How quaint. Today, the riches are massive, but the embarrassment gene seems to have been completely bred out of corporate chieftains. They have no shame at producing negative results and offing thousands of underlings, then wheeling in a front-end loader to haul their own pay to the bank. The head man at Estée Lauder, for example, recently cut 2,000 employees but grabbed a huge salary increase and new stock payments worth more than $24 million.

Are there no adults to supervise these corporate playgrounds and teach such concepts as humility and sharing? Well, technically, the board of directors is supposed to provide corporate governance, including the setting of CEO pay. But who’s on these boards? Mostly other members of the corporate brotherhood who want to keep executive pay levels rising. And, of course, the chiefs themselves sit on their boards, usually chairing them.

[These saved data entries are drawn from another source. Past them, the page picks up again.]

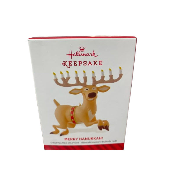 Bring a playful, holiday twist to Hanukkah décor with 2014 Merry Hanukkah!, featuring a whimsical reindeer whose antlers double as a menorah—nine glowing candles arranged in shining tribute to the Festival of Lights. This Hallmark Gold Crown Exclusive ornament by artist Robert Chad mixes traditional symbolism with holiday fun. The ornament comes boxed in its original packaging. No batteries, cords, lights (outside the candle effect), motion, or sound required—just a cheerful, expressive piece designed to hang proudly.
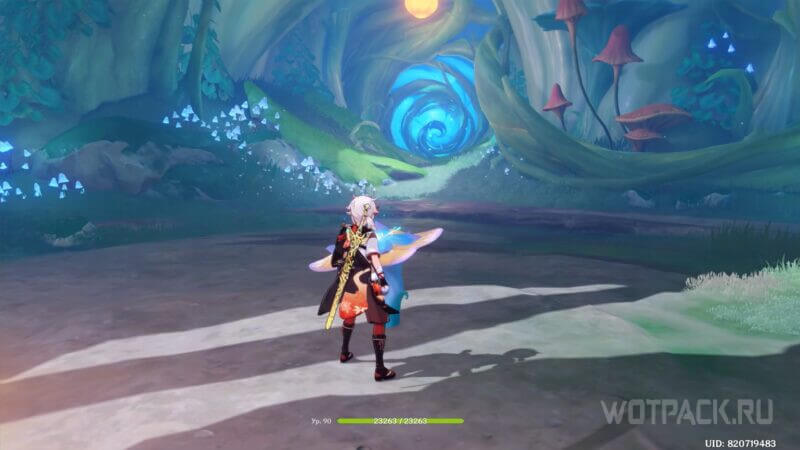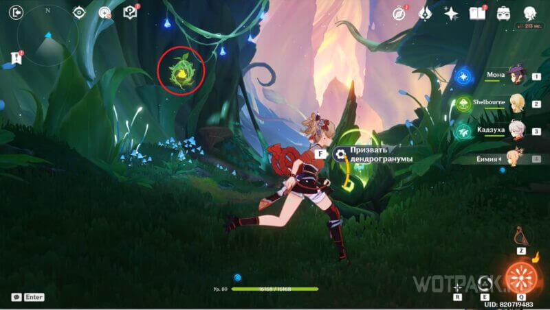Вернитесь ко входу во вторую часть подземелья и призовите Дендро эффект. Затем прицельными атаками ударьте по трем парящим «окулусам»: первый расположен на уступе недалеко от Дендрогранума, второй – с правой стороны на идентичной грибной шляпке, третий – над куполом.
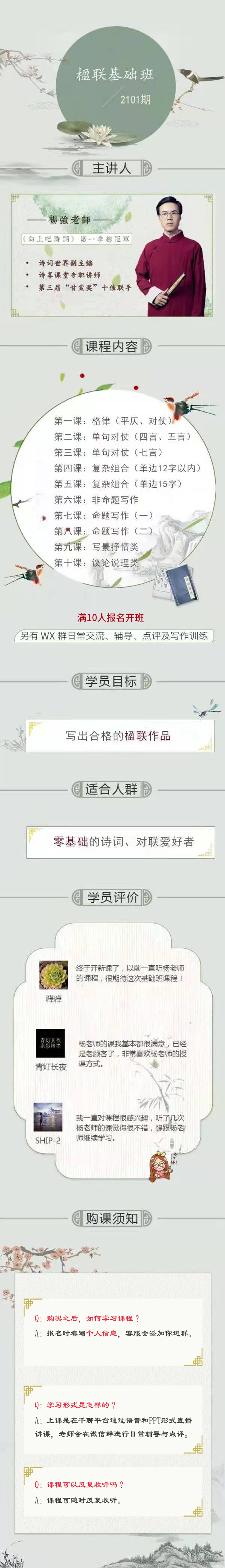 楹联基础班 | 对联知识与写作 零基础的诗词、对联爱好者
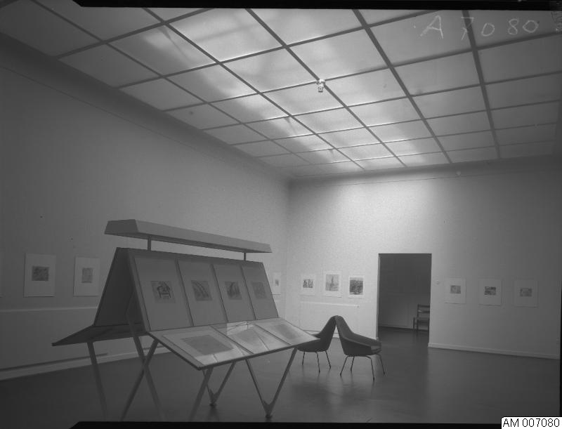 - Bild som visar C.F. Hills teckningar, tillfällig utställning Malmö museum den 20 juni- 25 augusti 1968. Stolar och inramade teckningar.
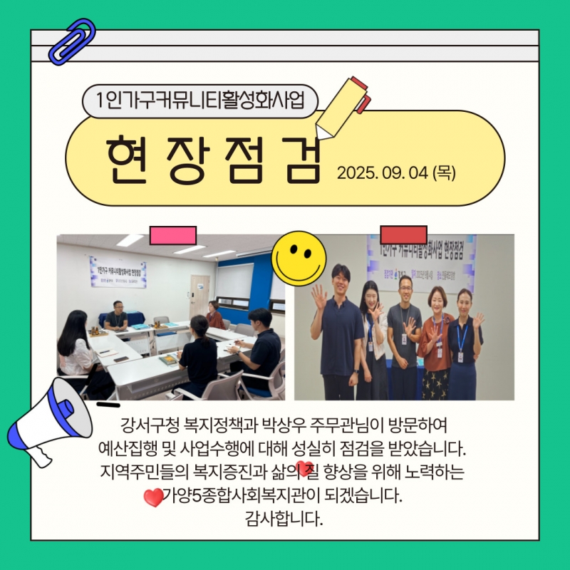 [ÀÚÄ¡ÆÀ]1Àΰ¡±¸ Ä¿¹Â´ÏƼȰ¼ºÈ»ç¾÷ ÇöÀåÁ¡°ËÀÌ ÁøÇàµÇ¾ú½À´Ï´Ù.
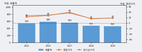 최근 3년간의 실적을 살펴보면, 매출액은 3년 연속 하락하고 있으나 그 하락폭은 줄어들고 있음을 알 수 있다.

The tale of boardroom coziness between directors and the bosses they supposedly govern was vividly revealed in the Wall Street crash of 2008. Far from providing any reasonable restraints, few board members even questioned the casino games the banks were running, and fewer yet objected to giving reckless bankers billions of dollars in unwarranted bonuses.

Now after the collapse, what has changed? Nothing. One survey of nine of the big banks we taxpayers bailed out shows that two-thirds of their failed board members are still there, and, once again, they’re shoveling inexplicably huge bonuses at the same old CEOs.

A system that enriches executive elites while crushing the middle class is worse than an embarrassment — it’s morally untenable.